Sermons

Summary: The power of God’s word

DECLARING CHRIST’S POWER

2 Corinthians 5:11-21

The old farmer decided it was finally time to bring his family into the big city. They loaded up the old truck and rumbled into the swank downtown shopping district. Upon entering a huge department store, they could not believe their eyes. Soon, Ma was off checking out the latest in household goods. Pa and the boys, meanwhile, found themselves on the other side of the store, standing puzzled before a set of doors that kept opening and closing. People would walk through the open doors. The doors would close. A bit later, the doors would open and out walked some more people. As they watched, they noticed this older woman, gray-haired and humped over, stepping into the open doors, which quickly closed behind her. In a few short moments, the same doors opened and out stepped this young, gorgeous blonde. “Wow,” Junior exclaimed, “What kind of machine is that Pa?” Pa stroked his beard and replied, “I don’t know, son, but hurry up, go fetch your Ma!” Poor Pa thought he had found the most amazing machine that possessed the power of personal transformation. We all sort of wish it could be that easy, don’t we? Unfortunately, it was just an elevator. An elevator can help you change your location, but you walk out the same person who walked in. I wonder if any of you who walked in here today expect to walk out a different person. Where can we find the power that is able to produce a real and true transformation of our lives today?
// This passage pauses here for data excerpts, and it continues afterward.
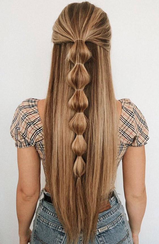 9- الجدائل الفقاعية: التسريحة المفضلة لهذا الموسم؛ اربطي شعركِ على شكل ذيل حصان، ثم اصنعي بعض الفقاعات الإضافية بالذيل باستخدام أستك الشعر الصغير.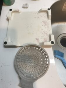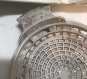 ハウスクリーニングの現場で最も厄介な敵の一つが、お風呂場の排水溝パーツにこってりと染み付いた赤紫色の変色です。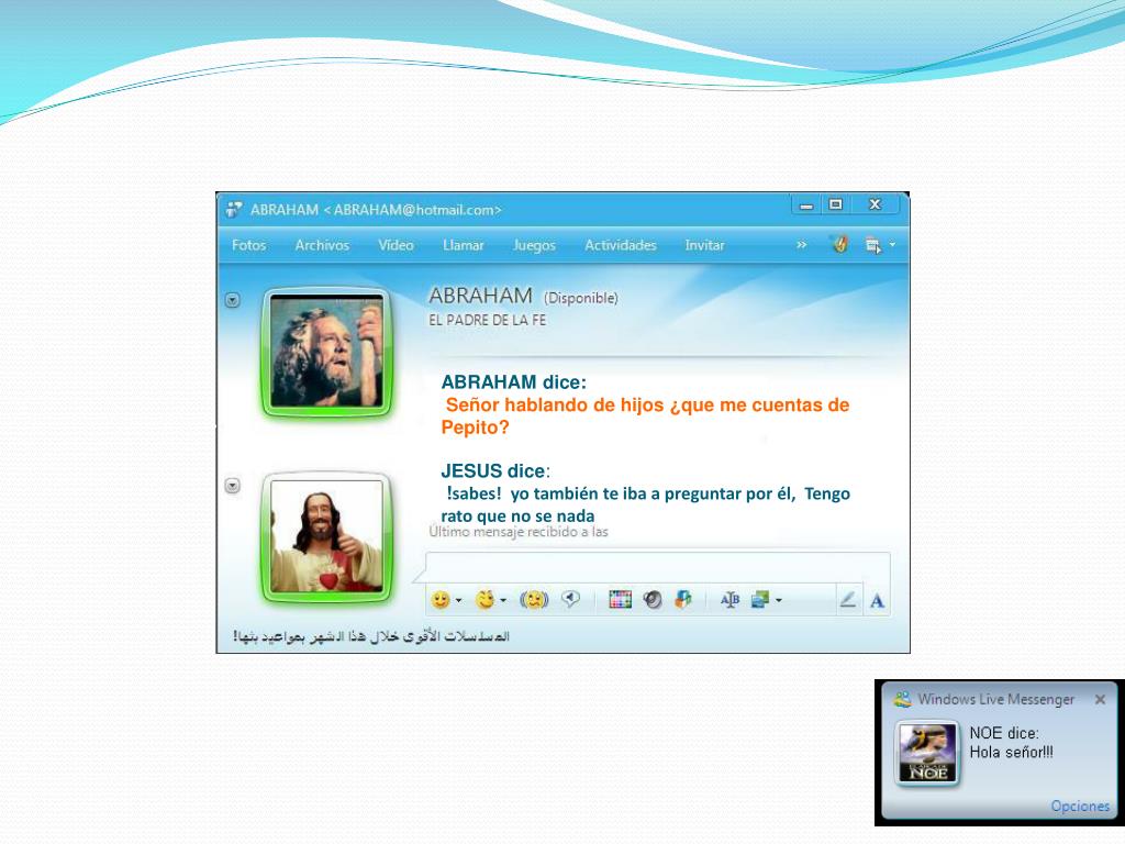 JESUS dice: Bueno, seguiremos hablando dentro de un rato, porque con Noe …. Tus sabes la edadjajá jajá ABRAHAM dice:Esta bien mi Señor, seguiremos en contacto. Nos vemos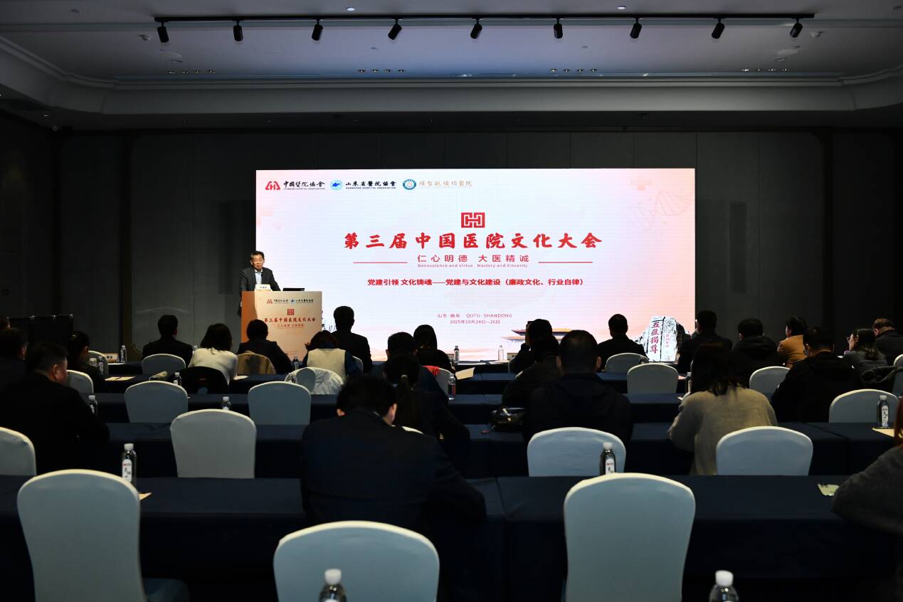 斯文在兹,盛会启幕。2025年10月24日至26日,由中国医院协会与山东省医院协会共同主办、山东省医院协会具体承办的第三届中国医院文化大会在山东曲阜尼山成功召开。大会以“仁心明德 大医精诚”为主题,共商新时代医院文化建设大计,共谋高质量发展人文路径。国家卫生健康委新闻发言人、宣传司副司长杨金瑞;中国医院协会常务副会长毛群安;健康报社有限公司党委书记、董事长许培海;中国医院协会副会长王笑频;山东省卫生健康委一级巡视员牟善勇;济宁市人民政府副市长、党组成员朱贵友;复旦大学哲学学院教授王德峰;上海市医院协会会长陈建平;山东省医院协会会长赵升田;中共中央党校(国家行政学院)科研部副主任洪向华;山东省卫生健康委原党组成员、副主任、一级巡视员、山东省医院协会名誉会长秦成勇;中国医师协会副会长、山东省医师协会会长 孙洪军;清华大学社会科学学院医学社会学研究中心主任景军;中南大学湘雅医院党委书记张欣;山东大学齐鲁医学院党工委书记,齐鲁医院党委书记陈鑫;山东第一医科大学党委副书记,附属省立医院党委书记吴向东;山东中医药大学附属医院党委副书记、院长邓华亮以及来自全国各级卫生健康部门、省级医院协会、各级各类医疗机构管理者、医疗卫生工作者及文化学者等近千人齐聚一堂,共同见证这场医院文化盛会的开幕。中国医院协会副会长兼秘书长田家政主持开幕式。
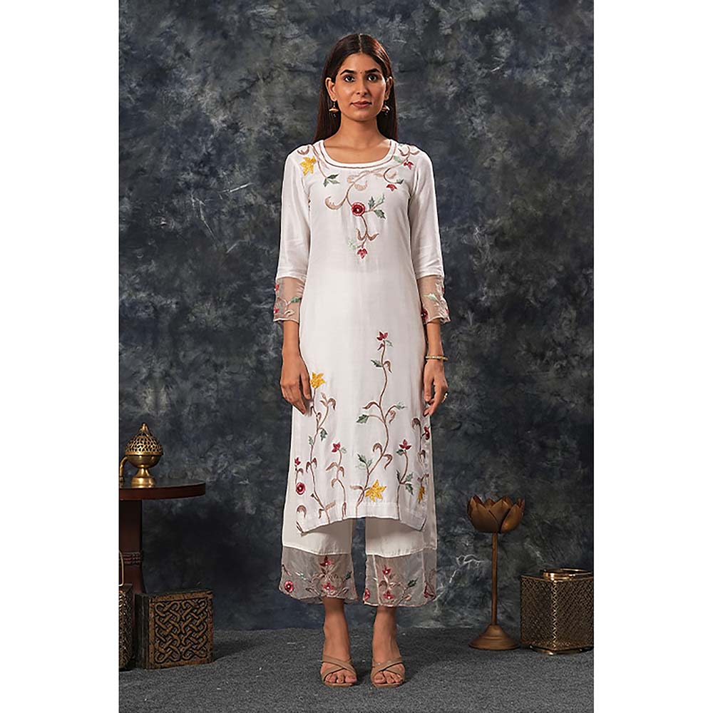 Sarla - Ivory Kurta with Palazzo and Dupatta (Set of 3)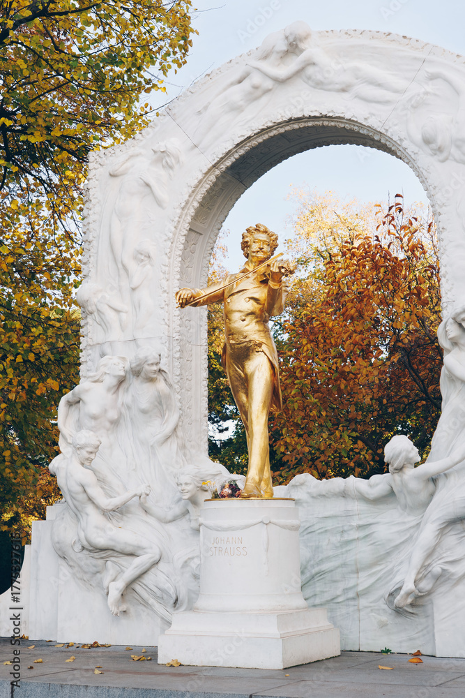 Public Johann Strauss Monument in Vienna Stadtpark during Autumn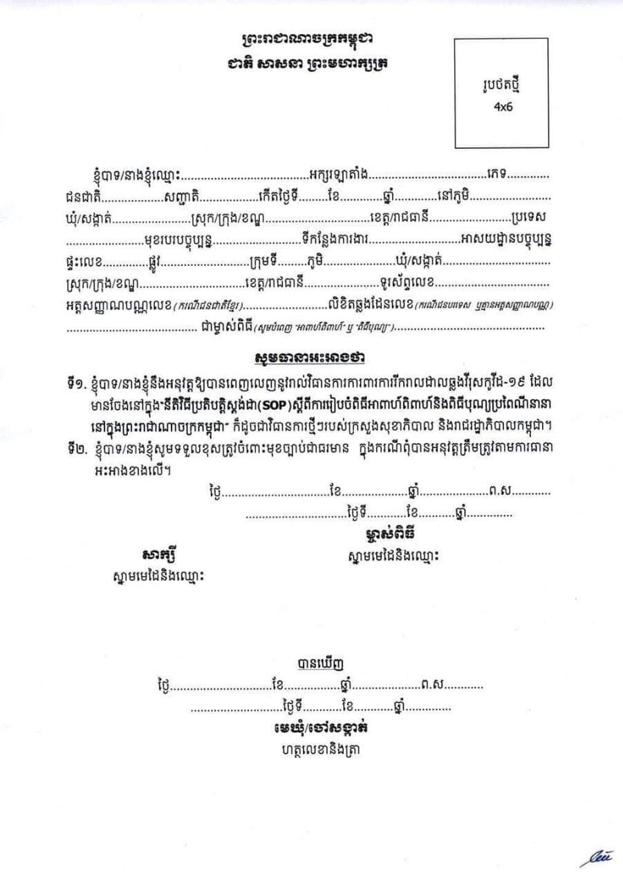 អ្នកចង់រៀបការ សូមធ្វើការដាក់ពាក្យស្នើសុំ និងធ្វើលិខិតធានាអះអាង ថាបានអនុវត្តវិធានការការពារបានត្រឹមត្រូវ ហើយហ៊ានទទួលខុសត្រូវមុខច្បាប់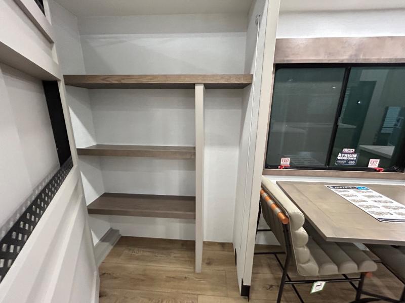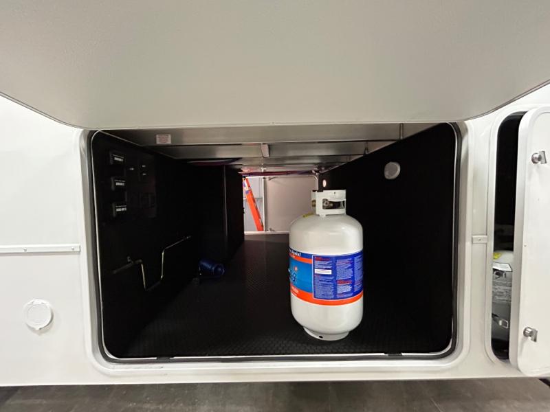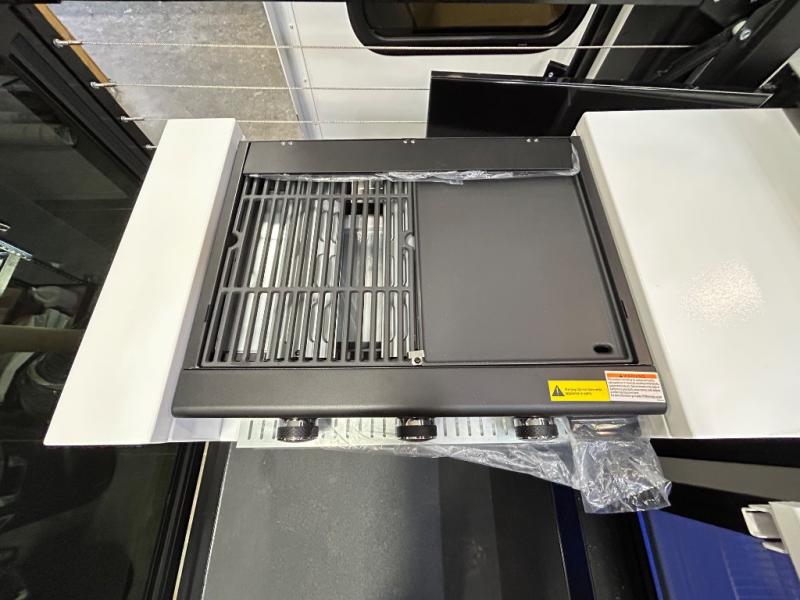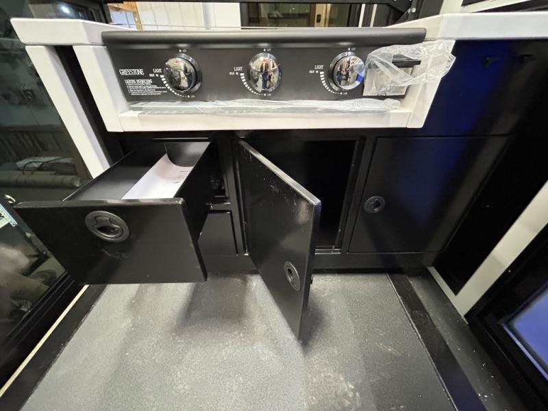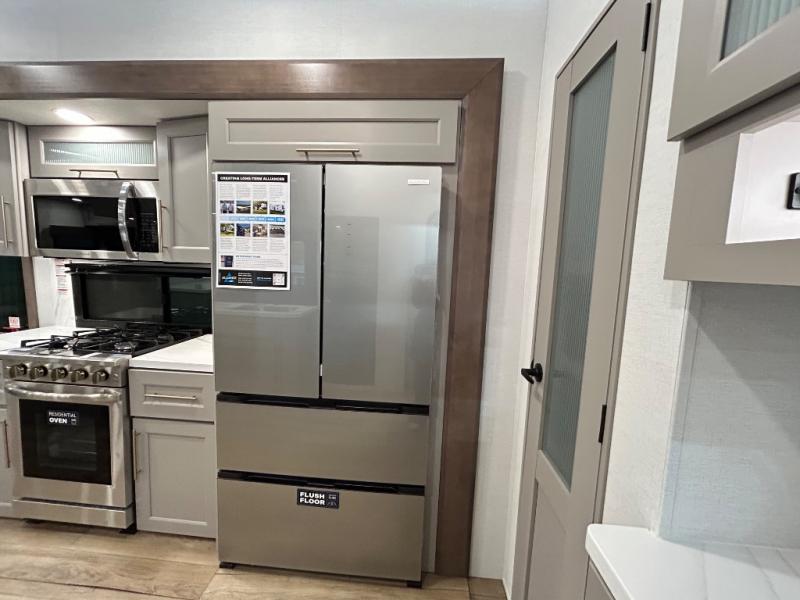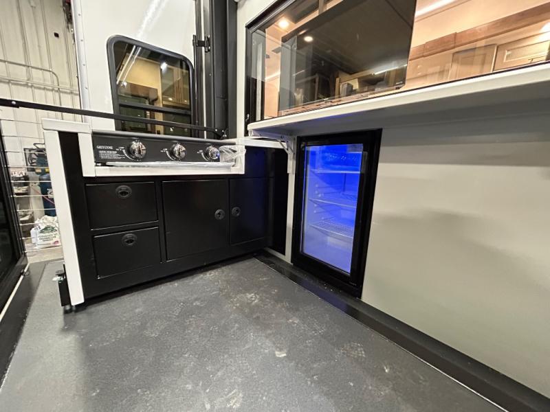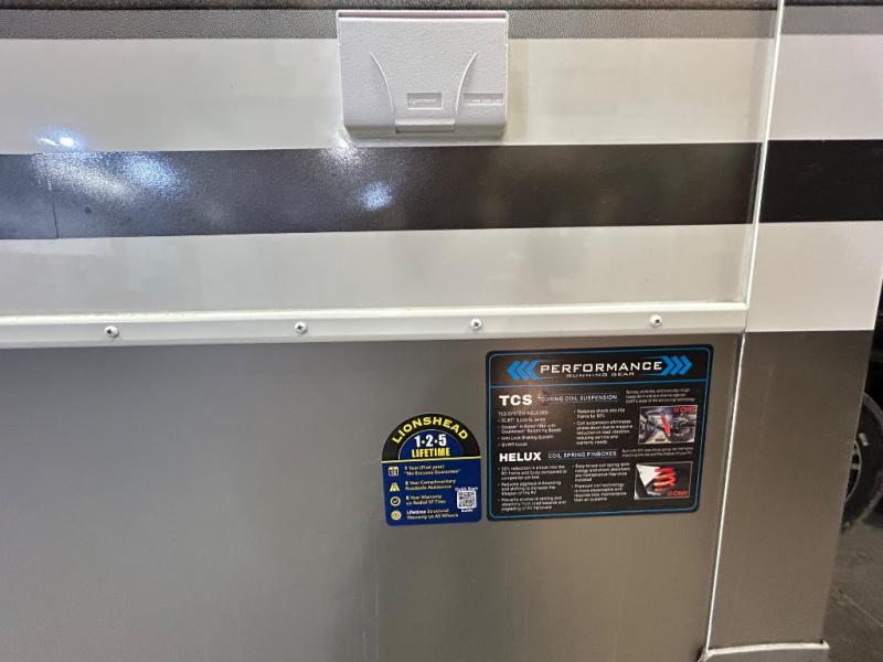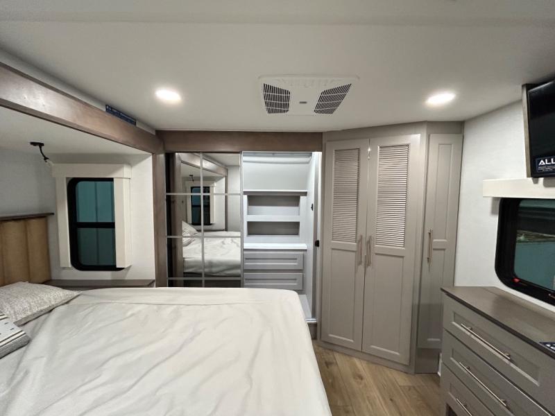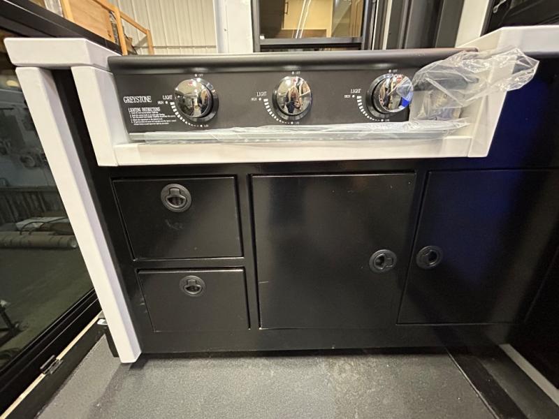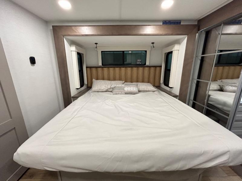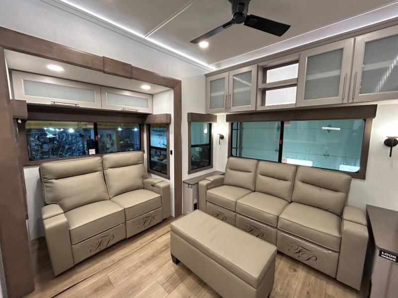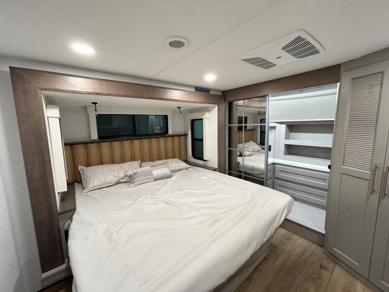 You will fall in love with this unit’s slide patio with picture window, the perfect spot to take in the breathtaking views. Enjoy outdoor cooking with the countertop prep area and pull-out grill, while the drop-down TV provides entertainment for all. Inside, rear living area features two sleeper sofas, perfect for lounging and relaxing. Overhead cabinets provide ample storage, while the 50” class smart TV offers endless entertainment options. Gather around the turn table dinette for meals or socializing. The kitchen is fully equipped with a microwave, sink, refrigerator, pantry, and hutch, making meal preparation and storage a breeze. Also this unit has a full bathroom and a cozy front bedroom which boast a king bed, ample closet, a TV, and so much more!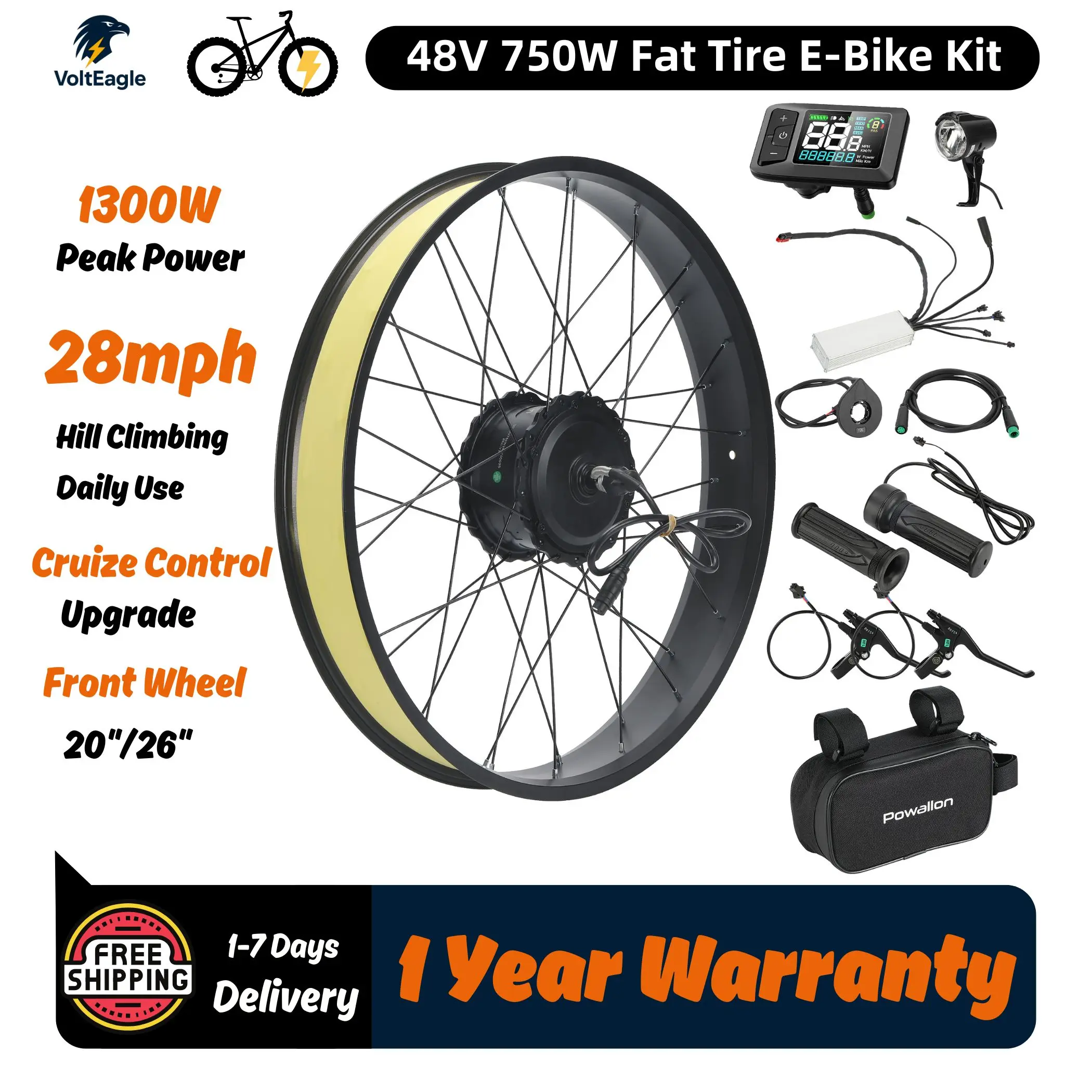 Fat Tire Ebike Conversion Kit, 750W Front Hub Motor Kit for Electric Bicycle, 80N.m Torque, 28mph Top Speed, 20" 26" Optional

Today’s Scripture makes some rather hard to believe claims regarding this whole theme of life makeover. Verse 17 says, “If anyone is in Christ, he is a new creation; the old has gone, the new has come!” Any type of change requires that the old must go and something new must take its place. The power that changes must possess the power to remove the old and bring in the new. This becomes even more difficult when it comes to personal change. The old has become engrained in us. Our past cannot

be undone. We are who we have become a product of everything that we have done and everything that has been done to us. Though you would very much like to change, and no doubt have made multiple attempts at change, you’ve learned just how difficult change really is. The old doesn’t want to go and the new always seems out of your reach. Indeed, the power to transform must be a very powerful power! The power of Christ is able to bring about a real and true change. Three ways that power that can be found.

1. Christ’s Power of Complete Forgiveness.

Real change must deal with the reality of sin and the effects of that sin upon our lives. This is the “old” that must go. There is no moving forward into the “new” until we experience the forgiveness of the “old.” That forgiveness must be thorough and complete. The old hymn writer asked, “What can wash away my sin? Nothing but the blood of Jesus.”

None of us fully comprehend how grievous our sin is, especially while we are committing it. The agony is that once we’ve committed it, we cannot un-commit it. In fact, more often than not, sin gains a hold in our lives and we can’t stop committing it. Yet, the most grievous consequence of our sin is not that we ultimately end up regretting the pain and suffering it causes. The most grievous consequence of our sin is that it separates us from God and the good things of God. There is nothing we can do from our side that can end this separation. The old gets old, yet we cannot seem to escape its hold on our soul.

We declare Christ’s name today because Christ has done something about what we could not do for ourselves. Vs. 19 says, “Reconciling the world to himself in Christ, not counting men’s sins against them.” It’s important that you understand just what Christ’s power did for you in this regard. Vs. 21, “God made him who had no sin to be sin for us.” We focus on the cross of Christ because the death He died there was linked to our sin. Vs. 14 “we are convinced that one died for all and therefore all died.”

Romans 6:23 says there is a “wage death” brought on by our sin. The death of Jesus upon a Cross possesses such power because that “wage death”—the sacrificial death of God, the Son—provides a cleansing for the sin of the world. That includes every sin that you have committed and every sin that has been committed against you. There is a unique power in the cross of Christ that is able to bring about the complete forgiveness that you long for.